┌──
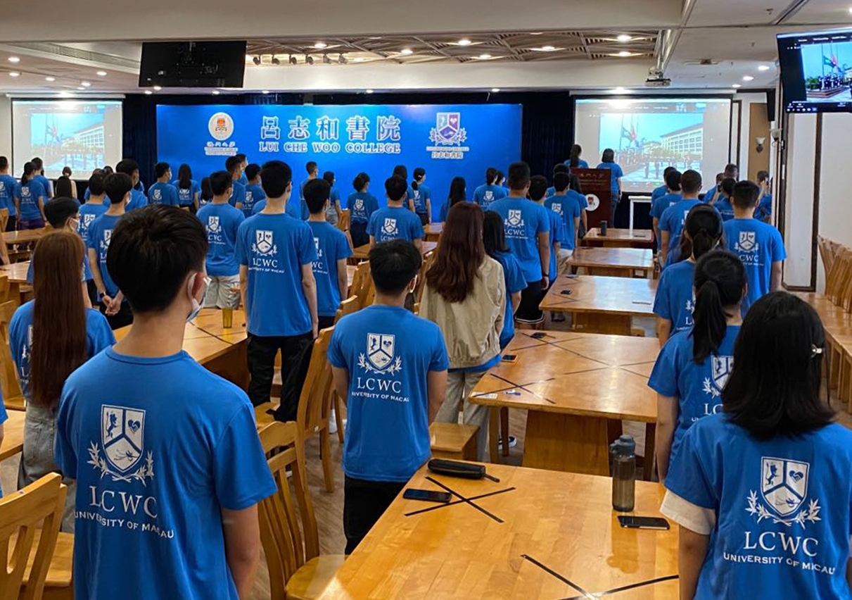 按照澳門特區政府衛生局在疫情下的指引,為免人流聚集,各書院選派學生代表出席,現場有100多名澳大師生代表於澳大蓮花廣場觀禮,其他師生和教職員亦透過網上直播實時參與,見證新學年的開始。20名澳大國旗儀仗隊隊員護送中華人民共和國國旗、澳門特別行政區區旗和澳門大學校旗,在指揮員的口令下踏著鏗鏘的步伐,整齊有序地邁向升旗台。當國旗手、區旗手和校旗手一起拋出手中的旗幟,雄壯的國歌響砌蓮花廣場上空,同時也在師生們的屏幕前奏響。
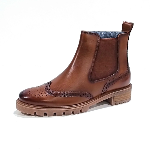 Botín tipo chelsea, fabricado en piel picada, con suela de goma
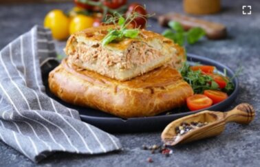 - Выложить начинку ровным слоем, накрыть вторым пластом теста, защипать края. Сделать несколько проколов сверху вилкой для выхода пара.
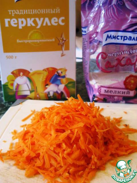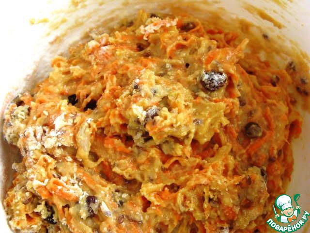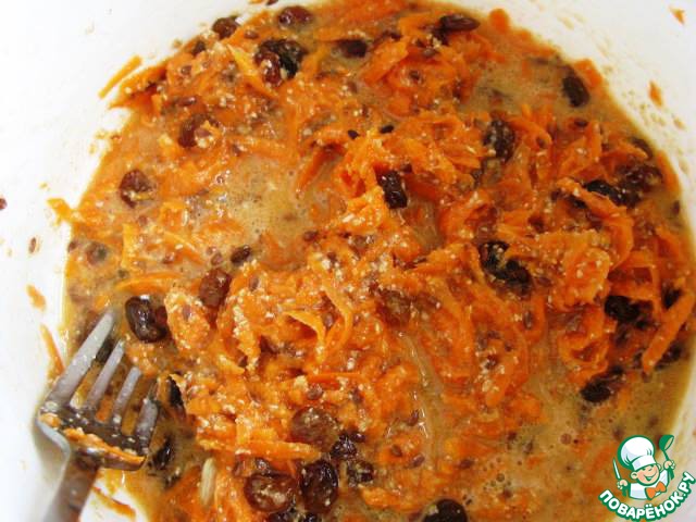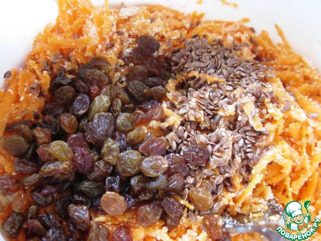 Смешать морковь, овсяную муку, соль, сахар, разрыхлитель, семя льна, изюм.
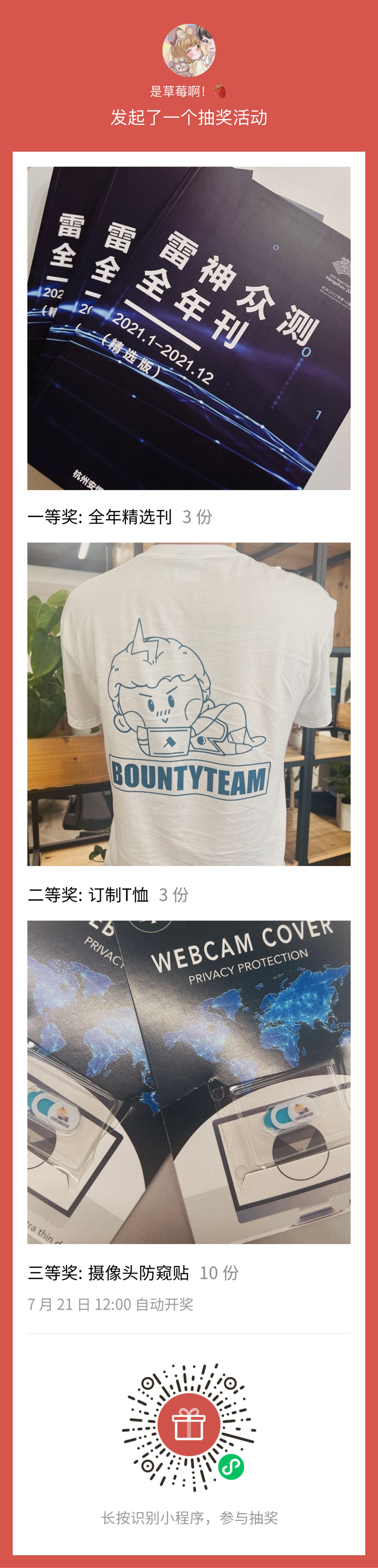 活动内容:推荐新白帽加入雷神众测,新白帽完成一个有效漏洞提交(以奖励发放为准)推荐人和被推荐人均可获得《雷神众测全年精选刊》以及雷神众测礼包一份。
└──
■ EXERCISE ■
Each entry, start to finish, goes into your copy exactly; the pictures stay out.

■ TASK RESULT ■
 按照澳門特區政府衛生局在疫情下的指引,為免人流聚集,各書院選派學生代表出席,現場有100多名澳大師生代表於澳大蓮花廣場觀禮,其他師生和教職員亦透過網上直播實時參與,見證新學年的開始。20名澳大國旗儀仗隊隊員護送中華人民共和國國旗、澳門特別行政區區旗和澳門大學校旗,在指揮員的口令下踏著鏗鏘的步伐,整齊有序地邁向升旗台。當國旗手、區旗手和校旗手一起拋出手中的旗幟,雄壯的國歌響砌蓮花廣場上空,同時也在師生們的屏幕前奏響。
 Botín tipo chelsea, fabricado en piel picada, con suela de goma
 - Выложить начинку ровным слоем, накрыть вторым пластом теста, защипать края. Сделать несколько проколов сверху вилкой для выхода пара.
 Смешать морковь, овсяную муку, соль, сахар, разрыхлитель, семя льна, изюм.
 活动内容:推荐新白帽加入雷神众测,新白帽完成一个有效漏洞提交(以奖励发放为准)推荐人和被推荐人均可获得《雷神众测全年精选刊》以及雷神众测礼包一份。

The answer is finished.